The portfolio comprising ten Drypoints as well as title sheet, table of content and imprint, published by Verlag der Marées Gesellschaft, R. Piper & Co., Munich 1922. Hofmaier 191-200 each B b (of C b and of D). All signed. Typographically numbered 13/125in imprint. On wove paper. Extremely rare in this excellent and fresh impression. Up to 34 x 25,7 cm (13,3 x 10,1 in). Sheet: each ca. 53 x 38 cm (20,8 x 14,9 in). Contains: Der Ausrufer (self portrait), Garderobe, Hinter den Kulissen, Schiessbude, Der grosse Mann, Der Neger, Das Karussell, Die Seiltänzer, Niggertanz and Schlangendame. All sheets with blindstamp of the Marées Gesellschaft. Loose sheets in orig. mount with numbering. Text sheets in orig. bindining. In original cloth case with embossed boards. Printed by Franz Hanfstaengel, Munich, and Otto von Holten, Berlin. The complete set.
EXHIBITION: An exhibition on the series of prints "Jahrmarkt" by Max Beckmann took place in the Kunstmuseum Bern from 4 April - 25 June 2006 (no catalog). Another copy was on display.

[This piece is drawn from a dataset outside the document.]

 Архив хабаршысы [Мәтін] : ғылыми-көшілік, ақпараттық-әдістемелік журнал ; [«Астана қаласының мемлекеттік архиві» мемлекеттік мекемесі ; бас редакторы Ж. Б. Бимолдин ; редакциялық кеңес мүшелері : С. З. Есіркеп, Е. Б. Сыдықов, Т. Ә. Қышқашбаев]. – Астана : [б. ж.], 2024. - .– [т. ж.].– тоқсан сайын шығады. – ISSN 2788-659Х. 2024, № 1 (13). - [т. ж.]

LITERATURE: Andreas Stolzenburg, Max Beckmann - Zeichnungen und Druckgraphik aus der Sammlung Gegewisch in der Hamburger Kunsthalle, part 3: Max Beckmann, Jahrmarkt (1921) and Berliner Reise (1922); catalog on the exhibition in the Hamburg Kunsthalle 10 September, 2006 - 21 January, 2007.
In spite of his family's opposition, Beckmann managed to get their permission to become a painter after finishing school. He went to the Großherzogliche Kunstschule in Weimar from 1900 to 1903 where he studied mainly under the Norwegian landscape painter Carl Frithjof Smith. After his graduation and several trips to Paris, Geneva and Florence Beckmann settled in Berlin in 1907 where he joined the 'Berliner Sezession'. At the outbreak of the First World War Beckmann volunteered and served in East Prussia and Flanders. Discharged in 1915, Beckmann moved to Frankfurt am Main where he taught at the Städelschule until 1933. In terms of style his early paintings and graphic works are still under the influence of German Impressionism. Towards the end of the 1910s and accordingly following the atrocities of World War I, which Beckmann experienced as an ambulance man and worked up in numerous sketches, he attained a clarity of form and expression that emphasized the expressionist pictorial language.

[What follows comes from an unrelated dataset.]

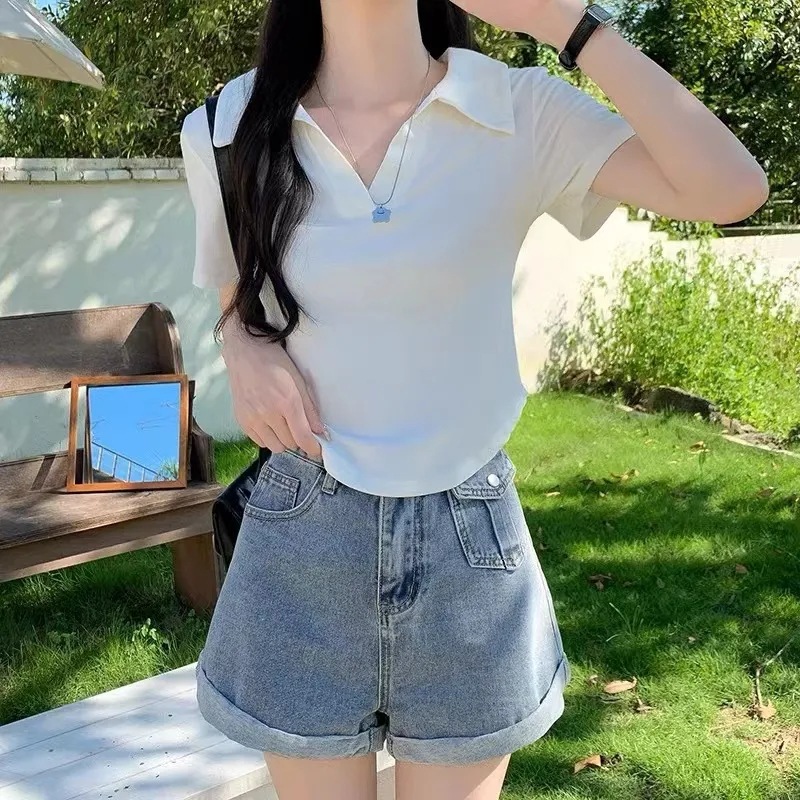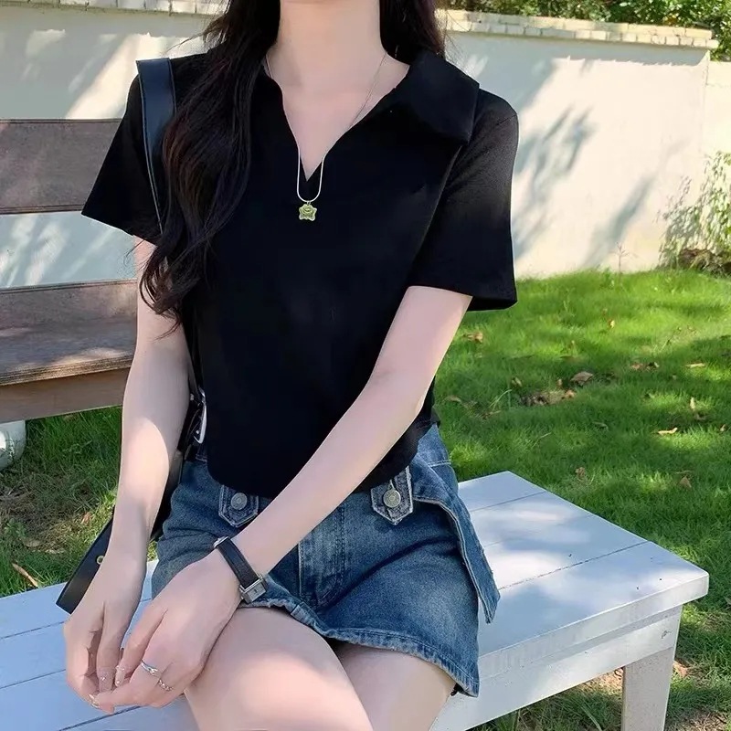 白色不规则polo领短袖t恤女夏季设计感小众修身短款正肩上衣

These edgy forms and expressive gestures, which were to become the artist’s trademark, were brought to perfection by Beckmann in the early 1920s, particularly in his graphic works. The series of prints "Jahrmarkt" is a masterly document of this mature style and counts among the most renowned series of prints of Expressionism. Artists and showmen with their masks and costumes are the protagonists in Beckmann‘s ‘Theatrum Mundi‘. He portraits himself as a seer and bell man of this cabinet of curiosities. Hofmaier points out that among those depicted many friends and acquaintances of the artist can be found. Beckmann chose different plate formats for this unusual series of prints. On 1 June, 1921 the artist wrote in a letter to the publisher Reinhard Piper: "Today the copper plates have arrived. I am looking forward to travelling from one copper plate to the next. I will complete some of them in Austria where I would like to take a look at the Prater near Vienna ". A little later he wrote to I.B. Neumann, who is shown as bell man with Fez on sheet 5: "Here [Graz] I am, taking turns idling and etching .. I feel the 'Jahrmarkt' is going to be quite amusing" (transl. Quote after James Hofmaier, Max Beckmann. Catalogue raisonné of his Prints, Bern 1990, p. 497).
With the success of the National Socialists the artist was increasingly defamed and finally dismissed from his teaching post. His works were removed from public collections in Germany. Political pressure forced him to emigrate to Holland in 1937. Here he was also restricted by the political situation, however, and an invitation to Saint Louis as a guest professor in 1947 was a welcome occasion to emigrate to the USA. This post at the Washington University School of Fine Arts was followed by teaching posts at the University of Colorado in Boulder in 1949, the Brooklyn Museum Art School in New York and Mills College in Oakland, California in the summer of 1950. Max Beckman died on 27 December 1950 in New York. He is remembered as one of the most important representatives of German Expressionism. [JS].